First, calculate ΔTf for the entire initial mixture (62 g ethylene glycol + 250 g water):
Number of moles of ethylene glycol = $n_{\text{solute}} = \frac{62\text{ g}}{62\text{ g mol}^{-1}} = 1\text{ mol}$
Mass of solvent in kg = $\frac{250\text{ g}}{1000} = 0.250\text{ kg}$
Molality, $m = \frac{n_{\text{solute}}}{\text{kg of solvent}} = \frac{1}{0.250} = 4\text{ mol kg}^{-1}$
Thus,
$$
\Delta T_f = K_f \times m = 1.86 \times 4 = 7.44\text{ K}
$$
The freezing point of pure water is 0 °C. Therefore, the freezing point Tf of the original solution is:
$$
T_f = 0^\circ\text{C} - 7.44^\circ\text{C} = -7.44^\circ\text{C}
$$
Step 3: Recognize the Further Cooling and Ice Formation
The solution will not start to freeze until it reaches its freezing point of −7.44 °C. Now the temperature is lowered further to −10 °C. Below −7.44 °C, some of the water will separate out as ice, so the liquid portion that remains in solution will have less solvent (water). This in turn increases the molality of the remaining liquid solution.

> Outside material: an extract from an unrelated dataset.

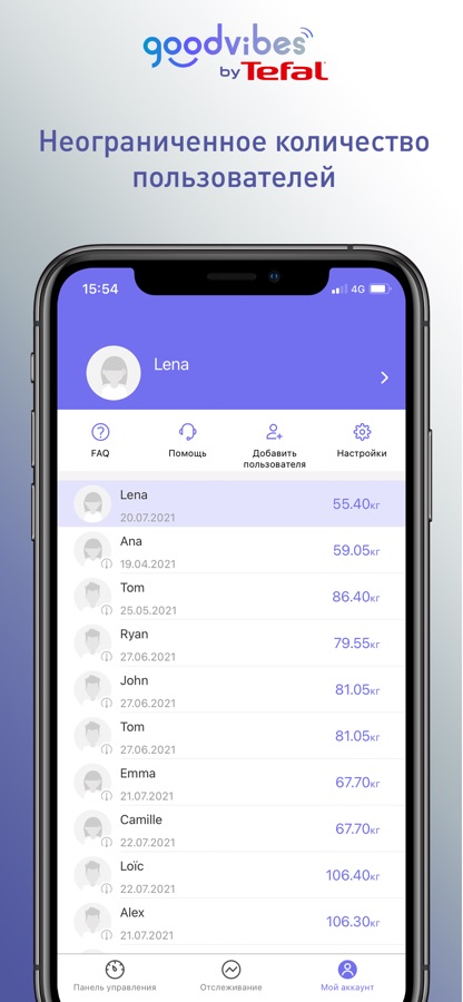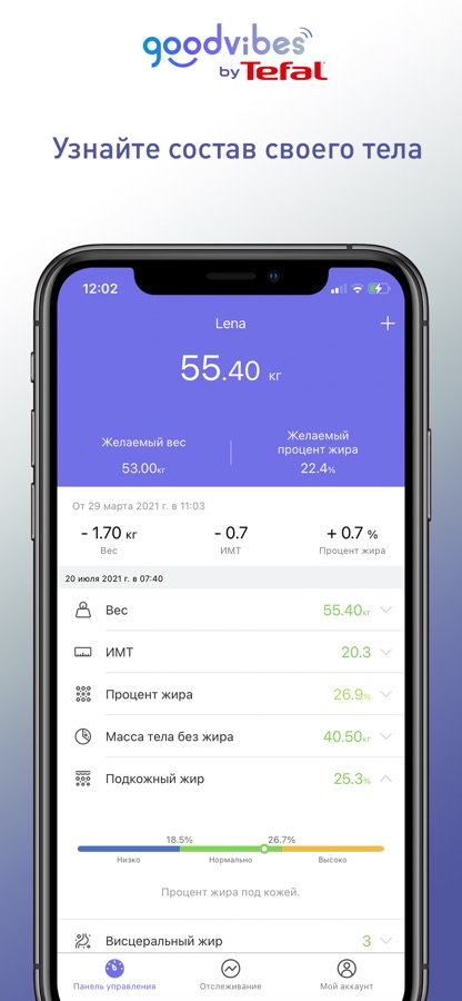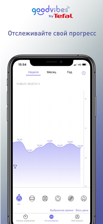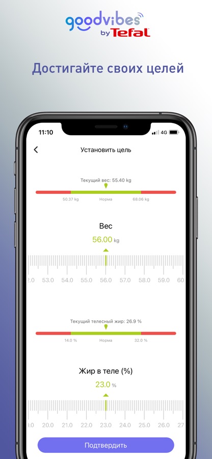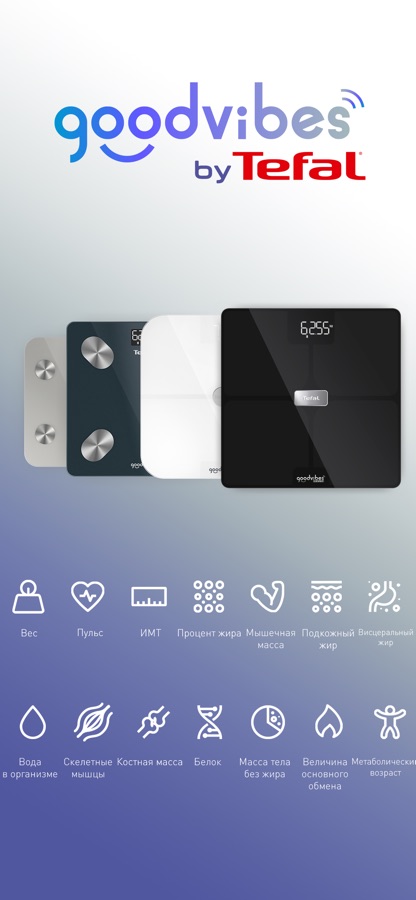 Приложение Goodvibes Connect работает с подключенными весами Goodvibes от Tefal и Rowenta. Это ультраинтуитивное приложение позволяет мгновенно увидеть состав вашего тела, отслеживать прогресс и оставаться мотивированным благодаря положительной энергии!
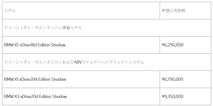 ビー・エム・ダブリュー株式会社は、限定車「BMW X1 sDrive18d Edition Shadow」、「BMW X1 xDrive20d Edition Shadow」および「BMW X3 20d xDrive Edition Shadow」を発表し、全国のBMW正規ディーラーで販売を開始した。

Step 4: Determine the Mass of Water Remaining in Liquid Phase
Let Wl be the mass of water (in g) still present in the liquid solution at −10 °C. The new freezing point depression ΔTf,new is 10 °C because the solution’s freezing point is at −10 °C now:
$$
\Delta T_{f,\text{new}} = 10 = K_f \times \frac{n_{\text{solute}}}{\text{kg of solvent in liquid}}
$$
Since the solute (ethylene glycol) does not freeze out, its moles remain the same (1 mole). Hence,
$$
10 = 1.86 \times \frac{1}{W_l/1000}
$$
Here, $W_l/1000$ is the mass of liquid water in kilograms. Solving for $W_l$:
$$
10 = 1.86 \times \frac{1000}{W_l} \quad \Longrightarrow \quad
\frac{10 \times W_l}{1.86} = 1000 \quad \Longrightarrow \quad
W_l = \frac{1000 \times 1.86}{10} = 186\text{ g}
$$
Therefore, 186 g of water remains in the liquid phase at −10 °C.
Step 5: Calculate the Amount of Water Separated as Ice
Initially, there were 250 g of water. If 186 g of water remain in the liquid phase, the rest has frozen out as ice:
$$
\text{Mass of water frozen as ice} = 250\text{ g} - 186\text{ g} = 64\text{ g}
$$
Hence, 64 g of water separate out as ice.
Final Answer
64 g of water is separated as ice.